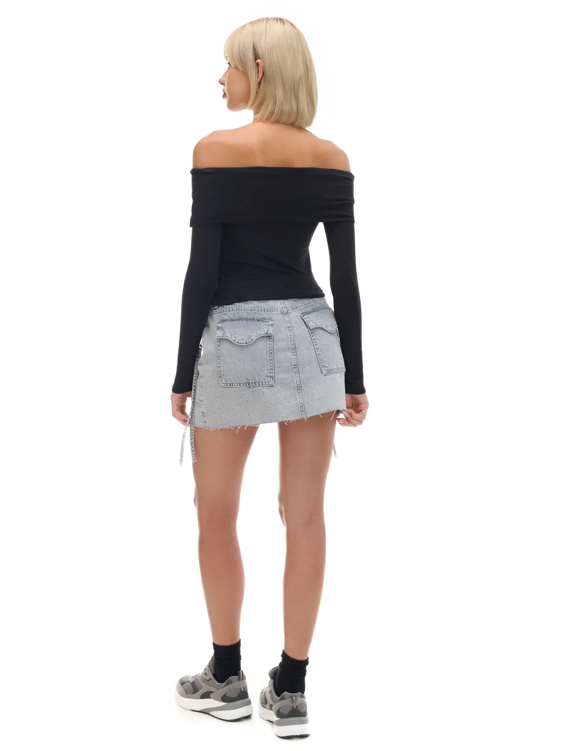 Czarna damska bluzka, uszyta z dzianiny o bardzo wysokiej zawartości bawełny. Domieszka elastanu gwarantuje idealnie dopasowanie do Twojej figury! dopasowany krój, podkreślający sylwetkę długie rękawy zakładka tworząca hiszpański dekolt, odsłaniający ramiona Wzrost modelki: 177 cm
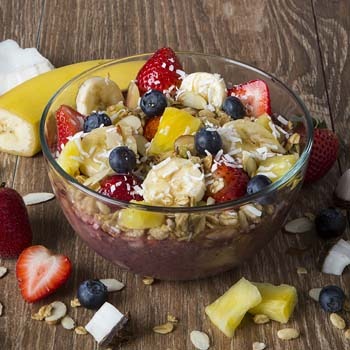 フルーツのスムージーで人気のジャンバですが、ハワイのジャンバジュースにはアサイボウルもあるんです。アサイ、ココナッツ、ストロベリー、ブルーベリー、バナナ、ブルーベリー、パイナップル、オーガニックグラノーラ、ココナッツ、はちみつとボリュームタップリ。
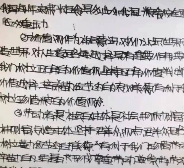 写作能力也是非常重要的,毕竟在高考中,作文在语文中分数占比非常高。可是这位高中生独创的“二维码”字体,看着卷面比较工整,可辨识度实在不高,阅卷全凭扫一扫。
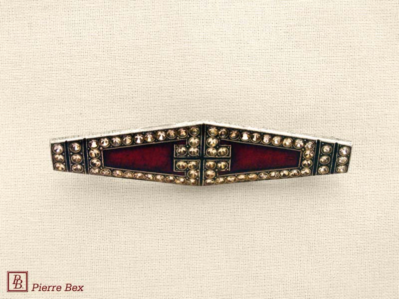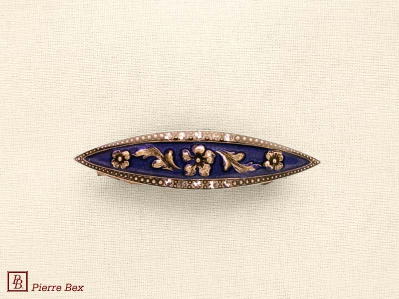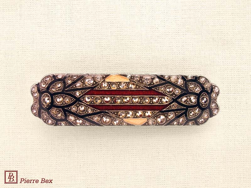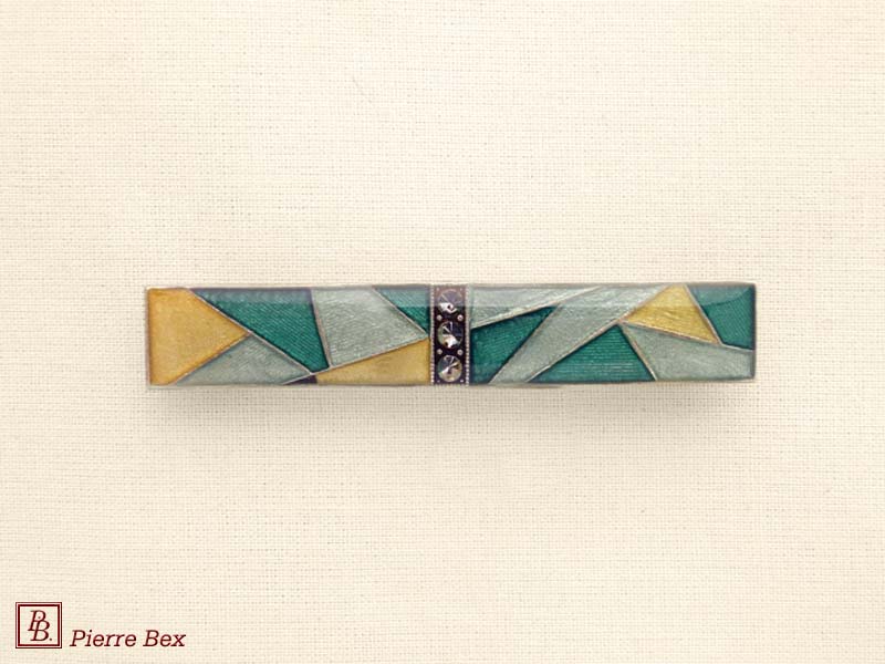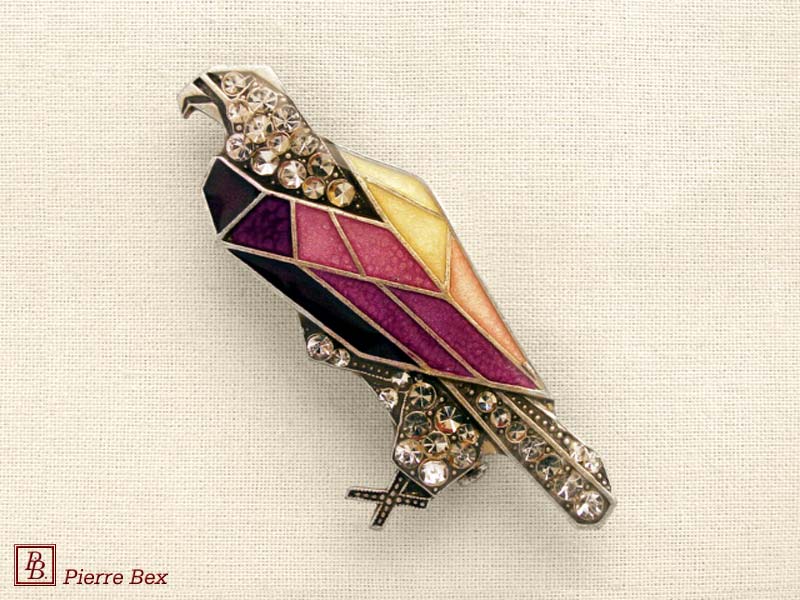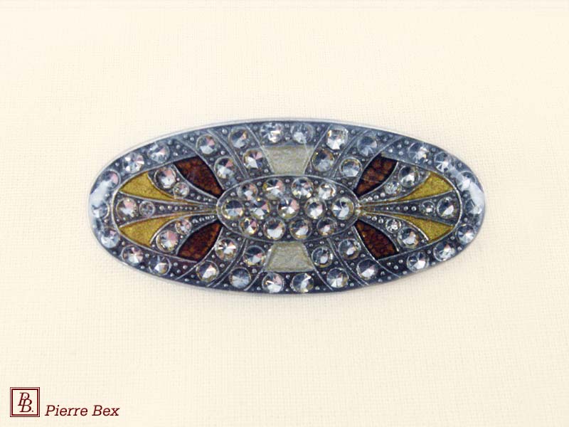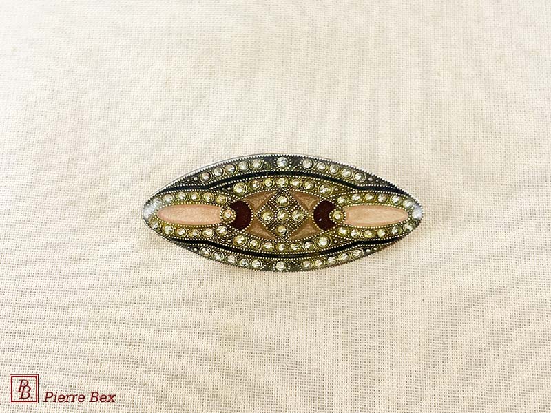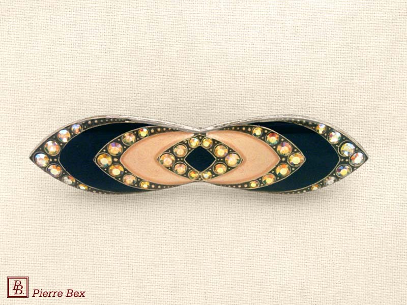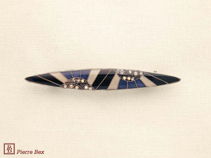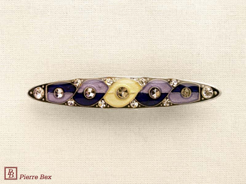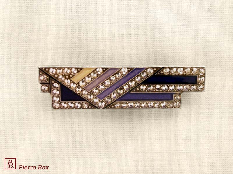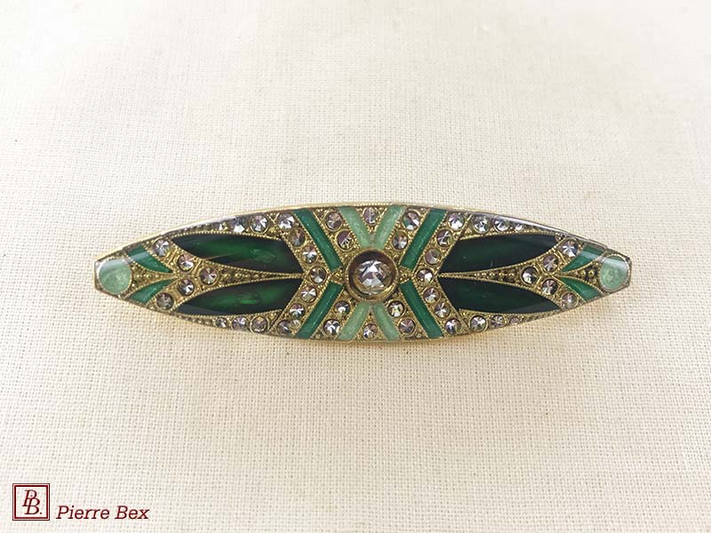 ![]() Art-Deco brooch 49506-03Sold OutMade by Pierre-Bex from silverplated copper, rhinestones and enamel, this brooch is 4 cm ( 1-½ inch ) width. Sold Out |
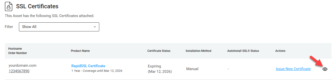 In the SSL certificates list, click the view button to check the full order details. If the certificate is expiring, click "Issue New Certificate" to start the re-issue process.
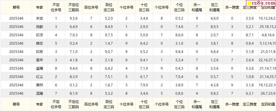 25年346期彩寶貝專家福彩3D殺號定碼圖表
------------
▶ _Exercise_
I'd like the material above repeated exactly, with the pictures omitted.

▶ _Exercise answer_
 Czarna damska bluzka, uszyta z dzianiny o bardzo wysokiej zawartości bawełny. Domieszka elastanu gwarantuje idealnie dopasowanie do Twojej figury! dopasowany krój, podkreślający sylwetkę długie rękawy zakładka tworząca hiszpański dekolt, odsłaniający ramiona Wzrost modelki: 177 cm
 フルーツのスムージーで人気のジャンバですが、ハワイのジャンバジュースにはアサイボウルもあるんです。アサイ、ココナッツ、ストロベリー、ブルーベリー、バナナ、ブルーベリー、パイナップル、オーガニックグラノーラ、ココナッツ、はちみつとボリュームタップリ。
 写作能力也是非常重要的,毕竟在高考中,作文在语文中分数占比非常高。可是这位高中生独创的“二维码”字体,看着卷面比较工整,可辨识度实在不高,阅卷全凭扫一扫。
 ![]() Art-Deco brooch 49506-03Sold OutMade by Pierre-Bex from silverplated copper, rhinestones and enamel, this brooch is 4 cm ( 1-½ inch ) width. Sold Out |
 In the SSL certificates list, click the view button to check the full order details. If the certificate is expiring, click "Issue New Certificate" to start the re-issue process.
 25年346期彩寶貝專家福彩3D殺號定碼圖表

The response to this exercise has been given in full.